• **DATASET EXTRACT**:
-------
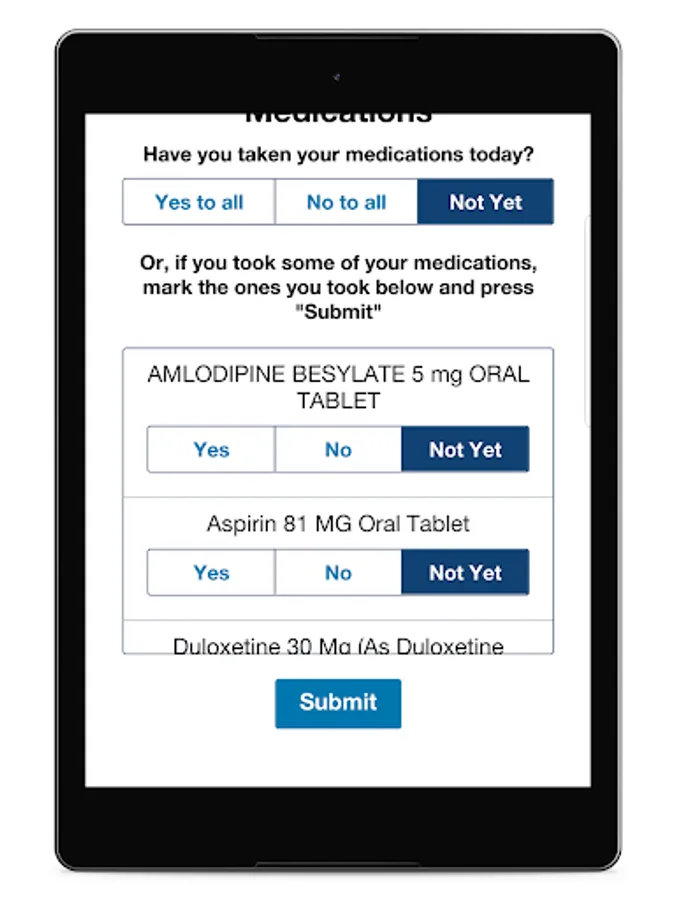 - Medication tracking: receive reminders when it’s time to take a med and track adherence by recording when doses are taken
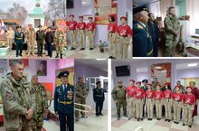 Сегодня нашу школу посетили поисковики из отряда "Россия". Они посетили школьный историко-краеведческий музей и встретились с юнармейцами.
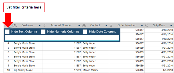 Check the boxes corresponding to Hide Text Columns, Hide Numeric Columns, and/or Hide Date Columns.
-------
• **PROBLEM TO WORK ON**: Make an exact copy of the listing above. Its pictures are not needed.

• **RESULT BELOW**:
 - Medication tracking: receive reminders when it’s time to take a med and track adherence by recording when doses are taken
 Сегодня нашу школу посетили поисковики из отряда "Россия". Они посетили школьный историко-краеведческий музей и встретились с юнармейцами.
 Check the boxes corresponding to Hide Text Columns, Hide Numeric Columns, and/or Hide Date Columns.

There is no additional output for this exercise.